§ **Work order**
Only the pictures are to be left out; the listing itself is repeated exactly.

§ **Provided data**
=== Begin Enclosure ===

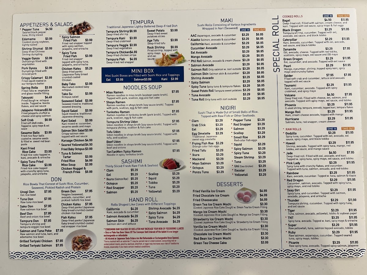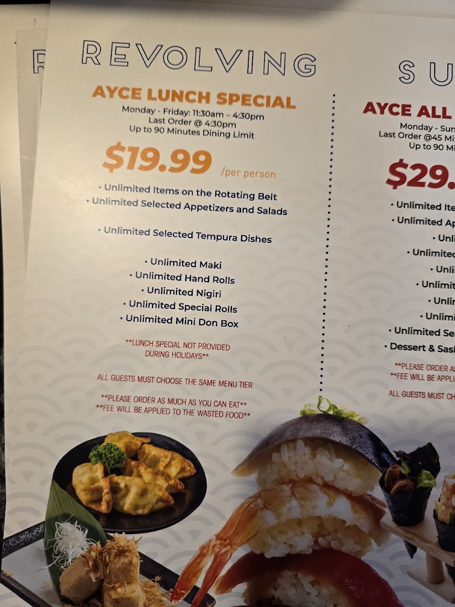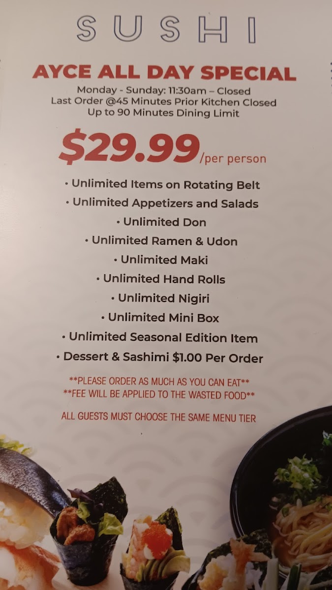 Drinks like hot tea and refreshing iced options round out the menu, offering warmth and balance alongside the fresh seafood and savory dishes. The overall experience encourages a comfortable pace where diners can savor each bite as plates glide by, making it an enjoyable spot to discover new favorites or stick with trusted classics.
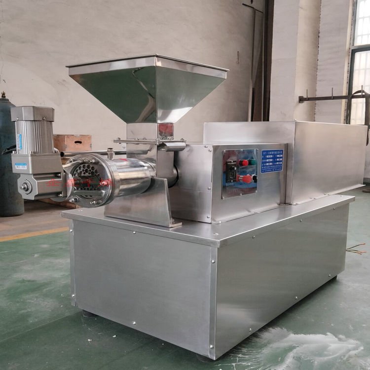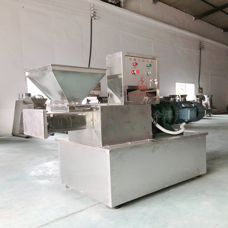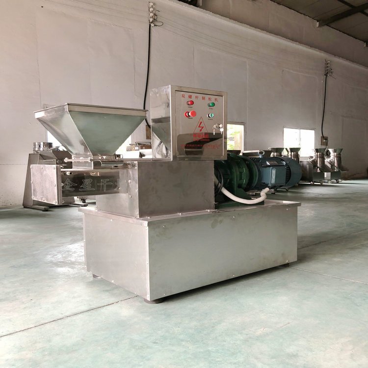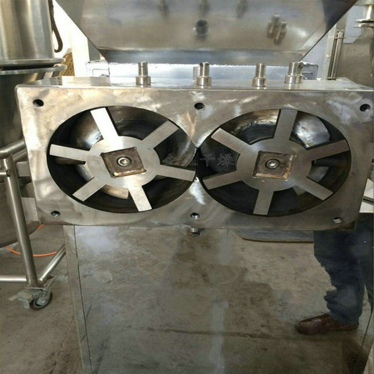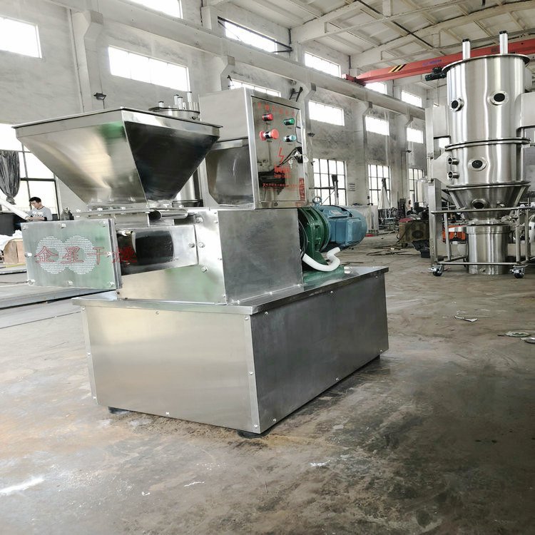 SET系列单螺杆挤出造粒机由料斗、料筒、螺杆加料段、螺杆压实段、旋转切刀、模板、压板、机架、轴承系统、传动系统和电气控制系统组成。粉状物料与粘结剂混捏好后,经加料斗进入造粒机,经螺杆压实段压实后由模板挤出形成颗粒,颗粒形状为柱状、条状。并根据用户物料的特性,带有强制加料和颗粒切断装置。该机可广泛应用于:医药、农药、肥料、饲料、食品、催化剂、化学药品等行业的粉体造粒。 适用范围 广泛适用于橡胶助剂、食品添加剂、塑料助剂、无机、有机、催化剂、农药、染料、颜料、日化、制药等 行业需造粒的产品。 典型物料 滑石粉、陶土、复合肥料、催化剂、白碳黑、NPK复混肥料、氰化钠、葵二酸、杀虫剂、灭鼠剂、中成药冲 剂、选矿药剂、饲料、橡胶硫化促进剂M,DM,TMTD,CZ,塑料加工助剂,食品添加剂等。 准备出厂的 DLG-180挤出造粒机(颗粒直径(P0.5~1.2mm) 技术优点 1、结构紧凑,操作方便,采用标准摆线针轮或行星齿轮减速机,输出扭矩大; 2、根据客户要求,可采用定转速输出,或变频调速、电磁调速、机械式调速等无级调速方式。 3、挤压力均衡,颗粒强度高; 4、通过调换模板可以方便的改变粒径; 5、适用面广,易损件易更换,便于清洗; |
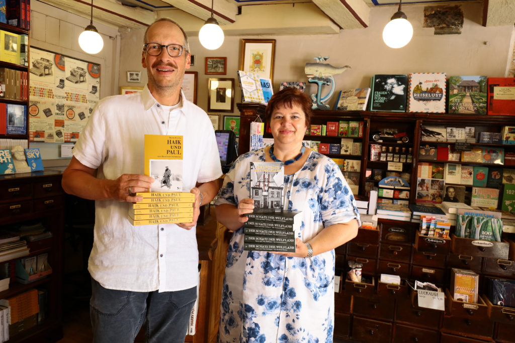Peter und Katrin Hoffmann sind freischaffende Autoren, die 2008 den STRANDLÄUFER Verlag ins Leben gerufen haben. Intention hinter der Verlagsgründung war regionale Unterhaltungsliteratur für alle Interessierten zu veröffentlichen. So gibt es mittlerweile Krimis, Kochbücher, Kinderbücher und historische Romane rund um Stralsund, die alle vier bis sechs Monate herausgebracht werden. Die einige Jahre darauf hinzugekommene STRANDLÄUFER Verlagsbuchhandlung befindet sich in einem 700 Jahre alten Händlerhaus bzw. ehemaligen Krämerhaus. Hier findet der Buchliebhaber genau ausgewählte Literatur zu Neuerscheinungen und Debüttiteln. Dabei wird bei der Buchauswahl für den Laden sehr viel Wert auf ästhetische Gründe gelegt, denn schöne Bücher sprechen die Kunden eher an wie unter anderem die Bilderbücher für Erwachsene. Das kann ich als Buchkäuferin nur bestätigen. Hierfür wenden die beiden Inhaber recht viel Zeit auf und diese Atmosphäre spürt man auch in der Buchhandlung! Und mit dem „Bücher!-Fahrrad“ werden im Stadtgebiet Stralsunds weitere Kunden zufriedengestellt.
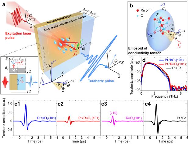 近日,物理学系吴义政、陶镇生课题组合作系统研究了RuO2和IrO2-金属异质结器件的太赫兹发射特性,揭示了一种全新的非相对论、非磁性的太赫兹产生机制。相关成果以“Nonrelativistic and nonmagnetic terahertz-wave generation via ultrafast current control in anisotropic conductive heterostructures”为题发表在Advanced Photonics上。新闻链接:

=== End Enclosure ===

§ **Answer to this exercise**
 Drinks like hot tea and refreshing iced options round out the menu, offering warmth and balance alongside the fresh seafood and savory dishes. The overall experience encourages a comfortable pace where diners can savor each bite as plates glide by, making it an enjoyable spot to discover new favorites or stick with trusted classics.
 SET系列单螺杆挤出造粒机由料斗、料筒、螺杆加料段、螺杆压实段、旋转切刀、模板、压板、机架、轴承系统、传动系统和电气控制系统组成。粉状物料与粘结剂混捏好后,经加料斗进入造粒机,经螺杆压实段压实后由模板挤出形成颗粒,颗粒形状为柱状、条状。并根据用户物料的特性,带有强制加料和颗粒切断装置。该机可广泛应用于:医药、农药、肥料、饲料、食品、催化剂、化学药品等行业的粉体造粒。 适用范围 广泛适用于橡胶助剂、食品添加剂、塑料助剂、无机、有机、催化剂、农药、染料、颜料、日化、制药等 行业需造粒的产品。 典型物料 滑石粉、陶土、复合肥料、催化剂、白碳黑、NPK复混肥料、氰化钠、葵二酸、杀虫剂、灭鼠剂、中成药冲 剂、选矿药剂、饲料、橡胶硫化促进剂M,DM,TMTD,CZ,塑料加工助剂,食品添加剂等。 准备出厂的 DLG-180挤出造粒机(颗粒直径(P0.5~1.2mm) 技术优点 1、结构紧凑,操作方便,采用标准摆线针轮或行星齿轮减速机,输出扭矩大; 2、根据客户要求,可采用定转速输出,或变频调速、电磁调速、机械式调速等无级调速方式。 3、挤压力均衡,颗粒强度高; 4、通过调换模板可以方便的改变粒径; 5、适用面广,易损件易更换,便于清洗; |
Peter und Katrin Hoffmann sind freischaffende Autoren, die 2008 den STRANDLÄUFER Verlag ins Leben gerufen haben. Intention hinter der Verlagsgründung war regionale Unterhaltungsliteratur für alle Interessierten zu veröffentlichen. So gibt es mittlerweile Krimis, Kochbücher, Kinderbücher und historische Romane rund um Stralsund, die alle vier bis sechs Monate herausgebracht werden. Die einige Jahre darauf hinzugekommene STRANDLÄUFER Verlagsbuchhandlung befindet sich in einem 700 Jahre alten Händlerhaus bzw. ehemaligen Krämerhaus. Hier findet der Buchliebhaber genau ausgewählte Literatur zu Neuerscheinungen und Debüttiteln. Dabei wird bei der Buchauswahl für den Laden sehr viel Wert auf ästhetische Gründe gelegt, denn schöne Bücher sprechen die Kunden eher an wie unter anderem die Bilderbücher für Erwachsene. Das kann ich als Buchkäuferin nur bestätigen. Hierfür wenden die beiden Inhaber recht viel Zeit auf und diese Atmosphäre spürt man auch in der Buchhandlung! Und mit dem „Bücher!-Fahrrad“ werden im Stadtgebiet Stralsunds weitere Kunden zufriedengestellt.
 近日,物理学系吴义政、陶镇生课题组合作系统研究了RuO2和IrO2-金属异质结器件的太赫兹发射特性,揭示了一种全新的非相对论、非磁性的太赫兹产生机制。相关成果以“Nonrelativistic and nonmagnetic terahertz-wave generation via ultrafast current control in anisotropic conductive heterostructures”为题发表在Advanced Photonics上。新闻链接:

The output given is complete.